Aim of the exercise:
In the entries below, begin at the line that has "望和公园的银杏大道的叶子尚未变黄,但是几步之外的停车场,已是金黄灿灿的景象。" and stop after the line that has "Fermob - Bistro"; output those lines exactly, leaving out pictures.

------ Data supplied ------

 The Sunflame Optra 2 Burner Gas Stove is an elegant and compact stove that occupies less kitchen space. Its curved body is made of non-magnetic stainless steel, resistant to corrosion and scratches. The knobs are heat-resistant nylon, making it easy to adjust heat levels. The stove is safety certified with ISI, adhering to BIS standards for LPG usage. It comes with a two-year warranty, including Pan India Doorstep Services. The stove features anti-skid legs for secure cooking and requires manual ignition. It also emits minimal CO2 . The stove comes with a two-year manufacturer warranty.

------
------ Data supplied ------

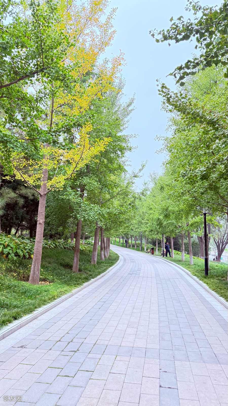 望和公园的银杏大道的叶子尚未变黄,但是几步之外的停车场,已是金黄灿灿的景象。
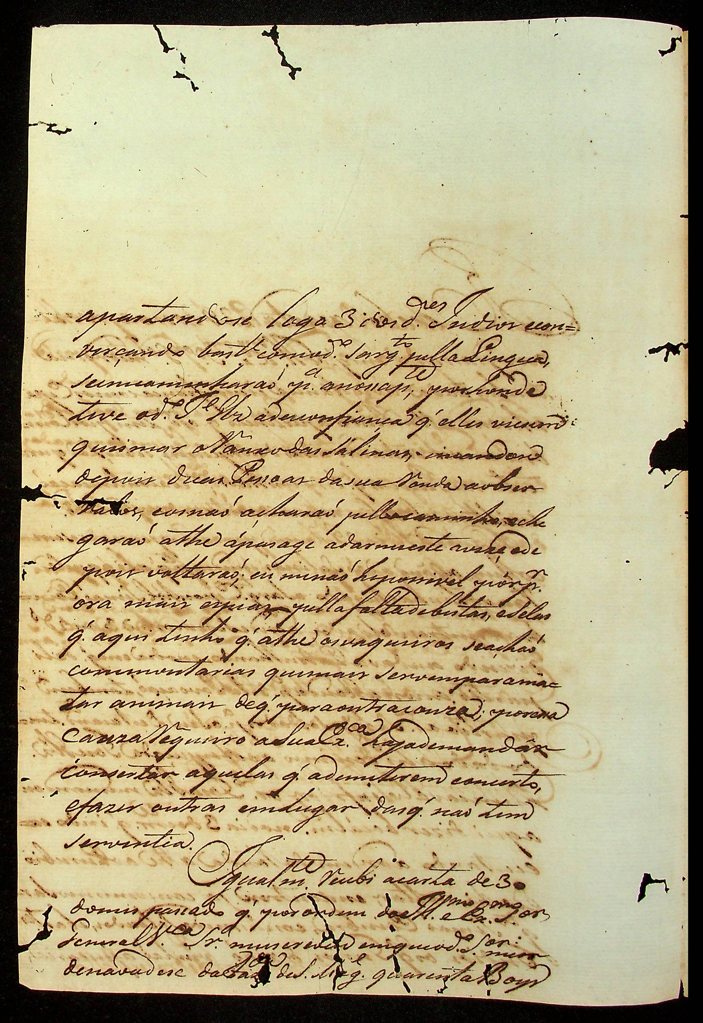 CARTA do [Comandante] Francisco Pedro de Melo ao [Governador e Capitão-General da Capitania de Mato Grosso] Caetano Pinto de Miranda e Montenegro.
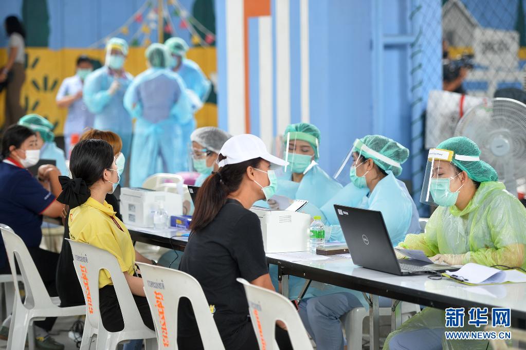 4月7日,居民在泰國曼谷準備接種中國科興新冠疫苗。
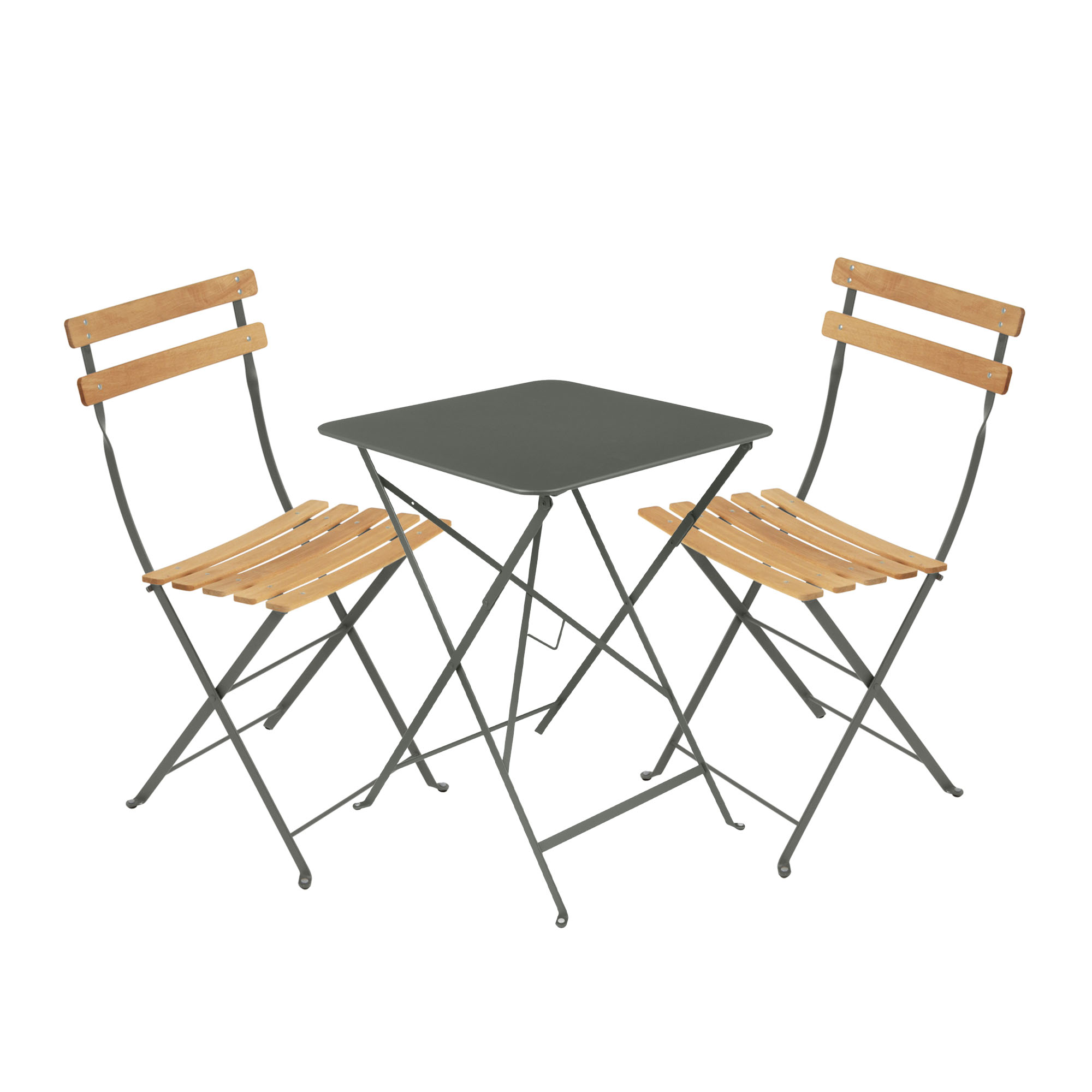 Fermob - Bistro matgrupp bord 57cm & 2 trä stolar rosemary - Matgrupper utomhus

------

Response to this task:
 望和公园的银杏大道的叶子尚未变黄,但是几步之外的停车场,已是金黄灿灿的景象。
 CARTA do [Comandante] Francisco Pedro de Melo ao [Governador e Capitão-General da Capitania de Mato Grosso] Caetano Pinto de Miranda e Montenegro.
 4月7日,居民在泰國曼谷準備接種中國科興新冠疫苗。
 Fermob - Bistro matgrupp bord 57cm & 2 trä stolar rosemary - Matgrupper utomhus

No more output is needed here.